→ **PROBLEM DETAILS**
Please restate word for word the lines from the top of the entries through the line that contains "Female Birth Registration: Year: 1910", and do not include any pictures.

----- SUPPLIED ENTRIES -----

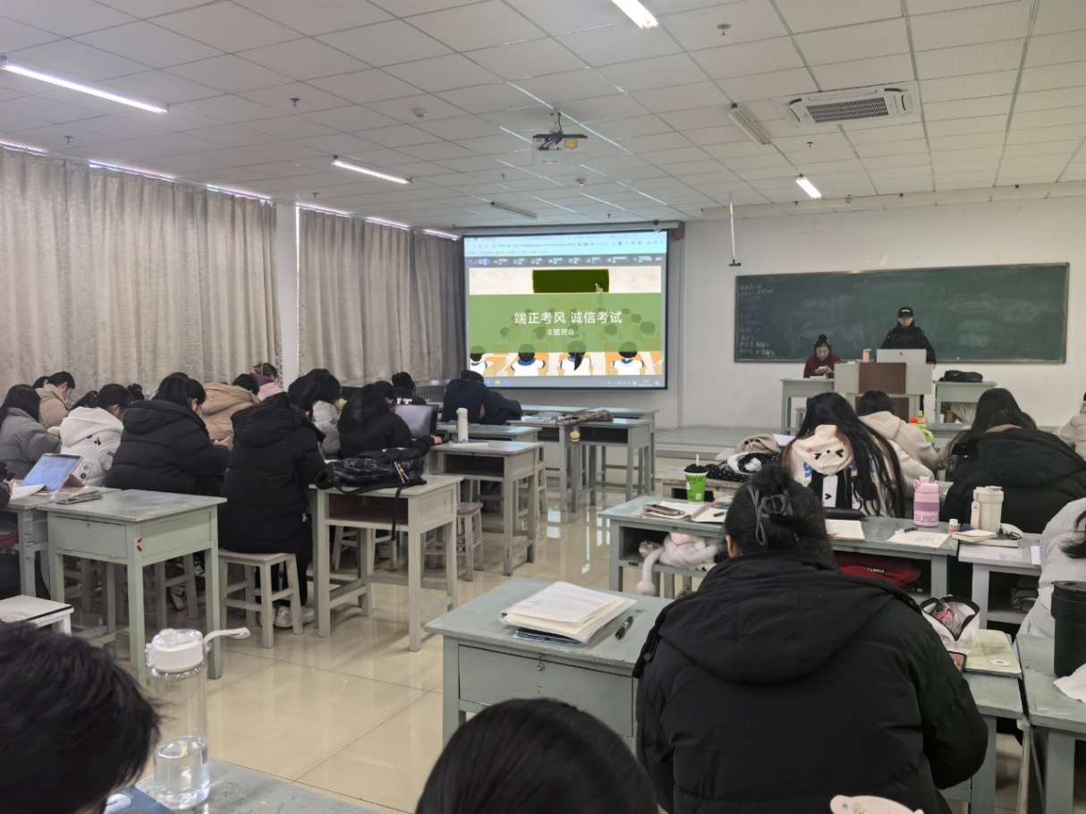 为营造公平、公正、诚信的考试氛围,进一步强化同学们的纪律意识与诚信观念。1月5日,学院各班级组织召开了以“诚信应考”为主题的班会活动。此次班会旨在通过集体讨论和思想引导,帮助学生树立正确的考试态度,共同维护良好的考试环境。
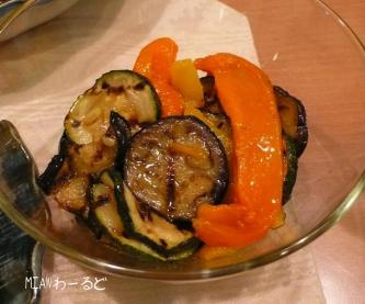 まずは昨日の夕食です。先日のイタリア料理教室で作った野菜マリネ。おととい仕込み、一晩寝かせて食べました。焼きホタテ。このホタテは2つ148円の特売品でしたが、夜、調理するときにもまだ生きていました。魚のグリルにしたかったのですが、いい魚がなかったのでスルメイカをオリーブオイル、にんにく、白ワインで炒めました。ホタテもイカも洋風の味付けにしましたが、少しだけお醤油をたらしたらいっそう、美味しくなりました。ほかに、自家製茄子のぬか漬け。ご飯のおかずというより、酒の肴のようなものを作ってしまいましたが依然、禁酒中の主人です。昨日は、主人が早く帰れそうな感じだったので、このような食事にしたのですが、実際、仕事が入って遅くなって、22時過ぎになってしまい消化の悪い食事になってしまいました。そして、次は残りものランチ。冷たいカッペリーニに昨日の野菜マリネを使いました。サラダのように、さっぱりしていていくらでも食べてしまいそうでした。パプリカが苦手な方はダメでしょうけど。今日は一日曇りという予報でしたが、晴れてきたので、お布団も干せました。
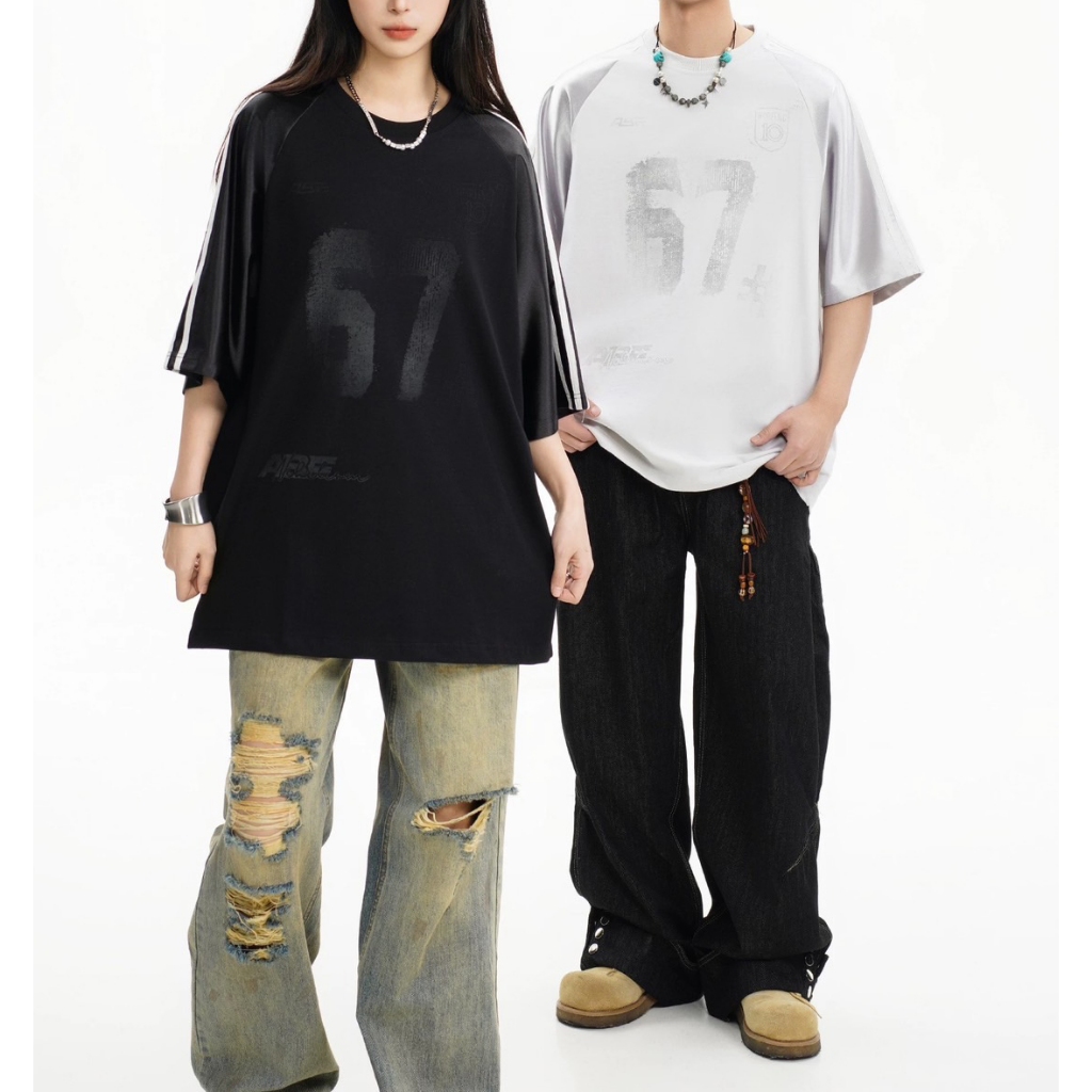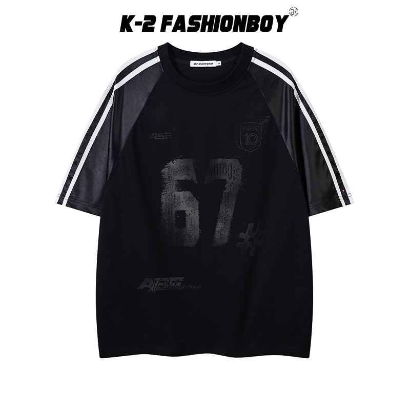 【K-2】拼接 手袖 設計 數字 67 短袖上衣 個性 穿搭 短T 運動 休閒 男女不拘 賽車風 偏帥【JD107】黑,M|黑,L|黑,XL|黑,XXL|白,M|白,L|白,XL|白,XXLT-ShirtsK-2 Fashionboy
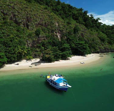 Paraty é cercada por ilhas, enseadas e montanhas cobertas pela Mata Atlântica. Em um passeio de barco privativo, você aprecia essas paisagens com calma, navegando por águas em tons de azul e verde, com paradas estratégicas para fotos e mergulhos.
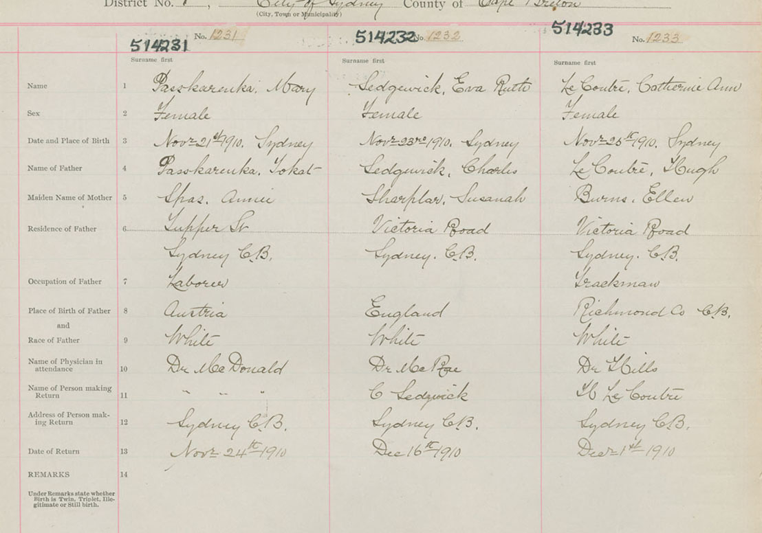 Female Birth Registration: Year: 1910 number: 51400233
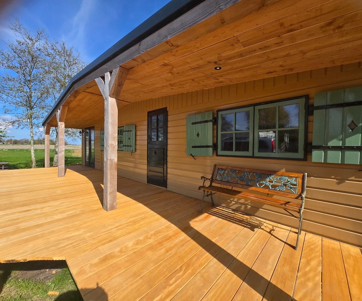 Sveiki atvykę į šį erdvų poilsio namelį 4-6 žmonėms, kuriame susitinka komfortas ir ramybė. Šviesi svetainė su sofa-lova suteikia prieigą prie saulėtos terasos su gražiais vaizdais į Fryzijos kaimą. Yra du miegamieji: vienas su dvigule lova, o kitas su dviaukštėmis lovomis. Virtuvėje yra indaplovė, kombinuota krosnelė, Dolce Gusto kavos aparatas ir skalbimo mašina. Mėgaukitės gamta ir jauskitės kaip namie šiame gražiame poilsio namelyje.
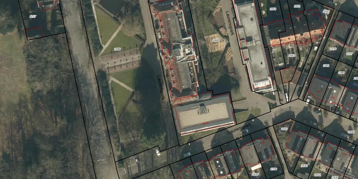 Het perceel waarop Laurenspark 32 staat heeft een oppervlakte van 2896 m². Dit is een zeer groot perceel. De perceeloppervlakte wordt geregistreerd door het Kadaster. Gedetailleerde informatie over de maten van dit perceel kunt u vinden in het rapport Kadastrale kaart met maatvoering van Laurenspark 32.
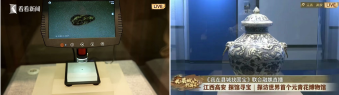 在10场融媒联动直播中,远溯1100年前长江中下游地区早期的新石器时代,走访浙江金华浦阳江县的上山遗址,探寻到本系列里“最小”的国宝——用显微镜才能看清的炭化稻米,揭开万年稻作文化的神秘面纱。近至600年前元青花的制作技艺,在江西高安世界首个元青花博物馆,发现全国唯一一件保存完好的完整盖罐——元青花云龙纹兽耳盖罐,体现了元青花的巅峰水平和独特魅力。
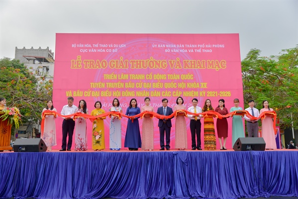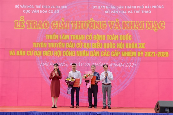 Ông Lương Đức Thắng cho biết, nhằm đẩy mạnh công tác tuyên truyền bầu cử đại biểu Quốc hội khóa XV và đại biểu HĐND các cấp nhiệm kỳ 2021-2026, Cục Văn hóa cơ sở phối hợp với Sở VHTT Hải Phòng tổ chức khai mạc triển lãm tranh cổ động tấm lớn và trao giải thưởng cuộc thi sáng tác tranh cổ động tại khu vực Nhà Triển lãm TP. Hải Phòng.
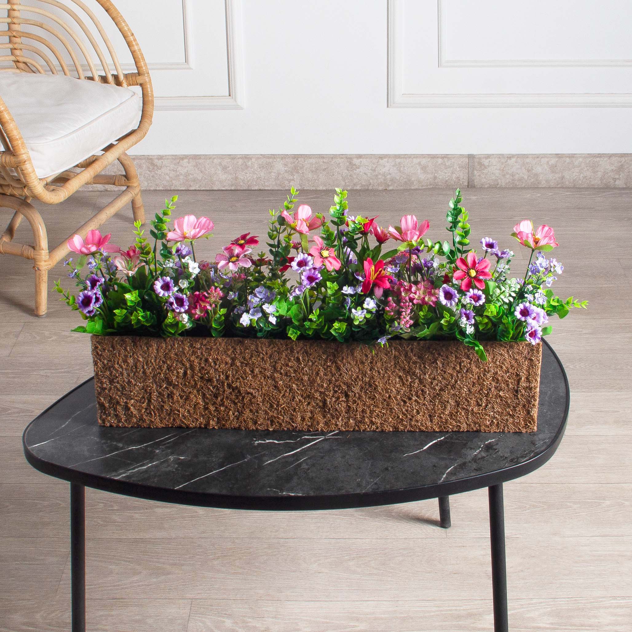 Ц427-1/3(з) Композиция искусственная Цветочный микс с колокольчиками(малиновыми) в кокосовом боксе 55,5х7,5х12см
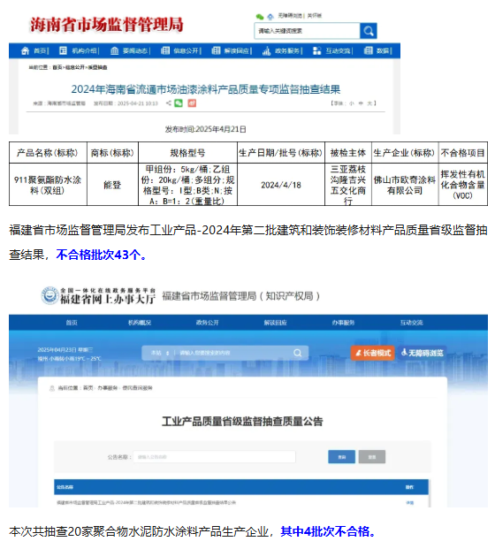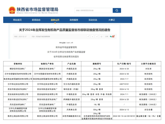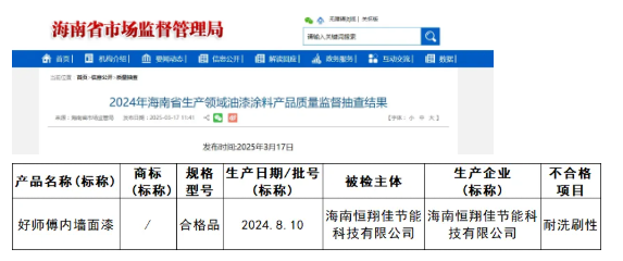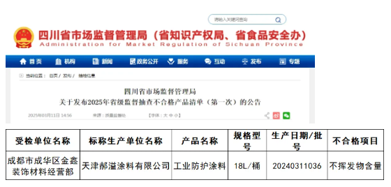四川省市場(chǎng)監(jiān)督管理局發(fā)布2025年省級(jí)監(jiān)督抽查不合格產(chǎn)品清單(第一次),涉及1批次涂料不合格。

-----

→ **RESULT FOR THIS TASK**
 为营造公平、公正、诚信的考试氛围,进一步强化同学们的纪律意识与诚信观念。1月5日,学院各班级组织召开了以“诚信应考”为主题的班会活动。此次班会旨在通过集体讨论和思想引导,帮助学生树立正确的考试态度,共同维护良好的考试环境。
 まずは昨日の夕食です。先日のイタリア料理教室で作った野菜マリネ。おととい仕込み、一晩寝かせて食べました。焼きホタテ。このホタテは2つ148円の特売品でしたが、夜、調理するときにもまだ生きていました。魚のグリルにしたかったのですが、いい魚がなかったのでスルメイカをオリーブオイル、にんにく、白ワインで炒めました。ホタテもイカも洋風の味付けにしましたが、少しだけお醤油をたらしたらいっそう、美味しくなりました。ほかに、自家製茄子のぬか漬け。ご飯のおかずというより、酒の肴のようなものを作ってしまいましたが依然、禁酒中の主人です。昨日は、主人が早く帰れそうな感じだったので、このような食事にしたのですが、実際、仕事が入って遅くなって、22時過ぎになってしまい消化の悪い食事になってしまいました。そして、次は残りものランチ。冷たいカッペリーニに昨日の野菜マリネを使いました。サラダのように、さっぱりしていていくらでも食べてしまいそうでした。パプリカが苦手な方はダメでしょうけど。今日は一日曇りという予報でしたが、晴れてきたので、お布団も干せました。
 【K-2】拼接 手袖 設計 數字 67 短袖上衣 個性 穿搭 短T 運動 休閒 男女不拘 賽車風 偏帥【JD107】黑,M|黑,L|黑,XL|黑,XXL|白,M|白,L|白,XL|白,XXLT-ShirtsK-2 Fashionboy
 Paraty é cercada por ilhas, enseadas e montanhas cobertas pela Mata Atlântica. Em um passeio de barco privativo, você aprecia essas paisagens com calma, navegando por águas em tons de azul e verde, com paradas estratégicas para fotos e mergulhos.
 Female Birth Registration: Year: 1910 number: 51400233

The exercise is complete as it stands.